保存数据时,还可以进行装桶(bucketBy)、排序(sortBy)、分区(partitionBy),接下来是几个例子:

peopleDF.write.bucketBy(42, "name").sortBy("age").saveAsTable("people_bucketed")
usersDF.write.partitionBy("favorite_color").format("parquet").save("namesPartByColor.parquet")
usersDF
  .write
  .partitionBy("favorite_color")
  .bucketBy(42, "name")
  .saveAsTable("users_partitioned_bucketed")

Parquet Files

Parquet是列式存储格式,可以用如下方法读写Parquet格式数据:

// Encoders for most common types are automatically provided by importing spark.implicits._
import spark.implicits._

val peopleDF = spark.read.json("examples/src/main/resources/people.json")

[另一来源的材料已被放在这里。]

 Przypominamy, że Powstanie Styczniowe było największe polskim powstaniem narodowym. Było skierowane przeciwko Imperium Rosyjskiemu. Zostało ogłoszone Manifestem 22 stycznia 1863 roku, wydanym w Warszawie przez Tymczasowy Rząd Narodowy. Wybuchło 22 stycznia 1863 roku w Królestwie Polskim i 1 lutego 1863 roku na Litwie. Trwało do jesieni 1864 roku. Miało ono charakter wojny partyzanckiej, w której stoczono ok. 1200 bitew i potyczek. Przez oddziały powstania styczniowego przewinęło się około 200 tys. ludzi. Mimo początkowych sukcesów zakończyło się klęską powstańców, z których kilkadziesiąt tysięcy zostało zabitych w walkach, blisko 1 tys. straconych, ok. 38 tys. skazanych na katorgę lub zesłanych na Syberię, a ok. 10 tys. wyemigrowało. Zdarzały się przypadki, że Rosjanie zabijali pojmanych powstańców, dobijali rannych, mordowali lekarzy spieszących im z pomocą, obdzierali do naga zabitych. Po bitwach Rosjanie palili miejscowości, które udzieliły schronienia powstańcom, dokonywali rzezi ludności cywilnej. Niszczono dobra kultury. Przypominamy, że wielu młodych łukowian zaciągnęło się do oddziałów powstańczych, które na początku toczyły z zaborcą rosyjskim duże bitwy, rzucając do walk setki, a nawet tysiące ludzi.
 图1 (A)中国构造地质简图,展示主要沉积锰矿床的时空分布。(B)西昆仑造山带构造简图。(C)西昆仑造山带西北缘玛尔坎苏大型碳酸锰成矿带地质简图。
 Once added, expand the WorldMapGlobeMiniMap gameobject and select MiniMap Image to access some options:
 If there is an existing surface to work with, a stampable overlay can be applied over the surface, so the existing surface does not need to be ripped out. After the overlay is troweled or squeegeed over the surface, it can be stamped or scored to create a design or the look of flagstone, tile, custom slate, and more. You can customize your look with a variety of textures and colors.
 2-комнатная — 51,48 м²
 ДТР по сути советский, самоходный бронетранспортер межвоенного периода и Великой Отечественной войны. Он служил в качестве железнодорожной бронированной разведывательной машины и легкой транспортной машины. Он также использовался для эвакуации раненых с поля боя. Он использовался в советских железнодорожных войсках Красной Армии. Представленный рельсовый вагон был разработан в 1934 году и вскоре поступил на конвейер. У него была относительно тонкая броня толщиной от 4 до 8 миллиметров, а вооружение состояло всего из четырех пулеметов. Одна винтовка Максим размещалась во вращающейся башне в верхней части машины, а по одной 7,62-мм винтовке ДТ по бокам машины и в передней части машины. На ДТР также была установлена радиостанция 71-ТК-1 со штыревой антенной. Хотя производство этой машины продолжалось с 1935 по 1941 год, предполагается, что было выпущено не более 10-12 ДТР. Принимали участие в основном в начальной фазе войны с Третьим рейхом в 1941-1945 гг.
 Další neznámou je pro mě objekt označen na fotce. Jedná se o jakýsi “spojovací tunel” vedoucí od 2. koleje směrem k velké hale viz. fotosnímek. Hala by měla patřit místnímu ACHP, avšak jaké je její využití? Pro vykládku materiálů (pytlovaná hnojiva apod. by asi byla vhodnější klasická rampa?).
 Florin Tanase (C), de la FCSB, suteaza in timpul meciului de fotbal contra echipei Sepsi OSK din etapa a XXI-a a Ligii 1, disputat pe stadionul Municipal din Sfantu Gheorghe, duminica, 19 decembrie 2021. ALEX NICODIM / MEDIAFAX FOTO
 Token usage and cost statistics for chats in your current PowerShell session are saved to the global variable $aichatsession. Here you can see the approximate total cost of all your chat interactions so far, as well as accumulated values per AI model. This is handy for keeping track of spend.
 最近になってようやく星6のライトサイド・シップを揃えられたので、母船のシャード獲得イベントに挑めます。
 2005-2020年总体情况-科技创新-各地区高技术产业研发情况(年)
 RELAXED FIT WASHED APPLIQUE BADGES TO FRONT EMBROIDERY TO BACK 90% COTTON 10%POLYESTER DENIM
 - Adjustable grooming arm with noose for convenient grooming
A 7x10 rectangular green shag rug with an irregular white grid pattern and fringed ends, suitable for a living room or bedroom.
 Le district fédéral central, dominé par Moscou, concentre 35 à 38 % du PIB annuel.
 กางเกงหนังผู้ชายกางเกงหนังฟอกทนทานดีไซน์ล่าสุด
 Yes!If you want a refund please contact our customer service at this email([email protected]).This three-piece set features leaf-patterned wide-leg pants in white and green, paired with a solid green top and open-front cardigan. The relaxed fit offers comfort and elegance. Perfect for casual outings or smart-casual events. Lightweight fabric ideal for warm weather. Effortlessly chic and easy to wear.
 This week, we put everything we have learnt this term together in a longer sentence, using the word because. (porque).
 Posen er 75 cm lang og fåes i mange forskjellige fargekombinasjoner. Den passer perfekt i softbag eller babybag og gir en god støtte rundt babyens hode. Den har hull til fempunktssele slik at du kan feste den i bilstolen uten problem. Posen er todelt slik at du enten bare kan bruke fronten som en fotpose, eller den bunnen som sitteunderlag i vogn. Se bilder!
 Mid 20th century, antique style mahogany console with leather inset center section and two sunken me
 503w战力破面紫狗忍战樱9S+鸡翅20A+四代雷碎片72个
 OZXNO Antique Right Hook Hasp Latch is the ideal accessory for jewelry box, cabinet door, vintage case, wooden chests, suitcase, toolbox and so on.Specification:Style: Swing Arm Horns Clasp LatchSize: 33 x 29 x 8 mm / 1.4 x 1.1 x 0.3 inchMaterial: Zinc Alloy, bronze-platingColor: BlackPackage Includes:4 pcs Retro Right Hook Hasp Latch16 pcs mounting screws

// DataFrames can be saved as Parquet files, maintaining the schema information
peopleDF.write.parquet("people.parquet")

// Read in the parquet file created above
// Parquet files are self-describing so the schema is preserved
// The result of loading a Parquet file is also a DataFrame
val parquetFileDF = spark.read.parquet("people.parquet")

Hive metastore Parquet table conversion

当Hive的Parquet表中读写数据时,Spark SQL将使用自己Parquet替代Hive SerDe。

Hive和Parquet有两点不同:

1.Hive是类型不敏感的,但是Parquet不是、

2.Hive允许所有列是可空的(nullable),Parquet中nullability 是有意义的。

JSON

Spark SQL能推断JSON数据集的scheme,并且加载它为一个DataSet[Row]。

// Primitive types (Int, String, etc) and Product types (case classes) encoders are
// supported by importing this when creating a Dataset.
import spark.implicits._

// A JSON dataset is pointed to by path.
// The path can be either a single text file or a directory storing text files
//将JSON文件转化为DataSet[Row]
val path = "examples/src/main/resources/people.json"
val peopleDF = spark.read.json(path)

// The inferred schema can be visualized using the printSchema() method
//打印scheme
peopleDF.printSchema()
// root
//  |-- age: long (nullable = true)
//  |-- name: string (nullable = true)

// Creates a temporary view using the DataFrame
peopleDF.createOrReplaceTempView("people")

// SQL statements can be run by using the sql methods provided by spark
val teenagerNamesDF = spark.sql("SELECT name FROM people WHERE age BETWEEN 13 AND 19")
teenagerNamesDF.show()
// +------+
// |  name|
// +------+
// |Justin|
// +------+

// Alternatively, a DataFrame can be created for a JSON dataset represented by
// a Dataset[String] storing one JSON object per string
//通过Dataset[String]转化为Dataset[Row]
val otherPeopleDataset = spark.createDataset(
  """{"name":"Yin","address":{"city":"Columbus","state":"Ohio"}}""" :: Nil)
val otherPeople = spark.read.json(otherPeopleDataset)
otherPeople.show()
// +---------------+----+
// |        address|name|
// +---------------+----+
// |[Columbus,Ohio]| Yin|
// +---------------+----+

Hive Tables

Spark SQL支持读写Hive中的数据,可以通过/conf/目录下的hive-site.xml、core-site.xml、hdfs-site.xml对hive进行配置。

import java.io.File

import org.apache.spark.sql.{Row, SaveMode, SparkSession}

case class Record(key: Int, value: String)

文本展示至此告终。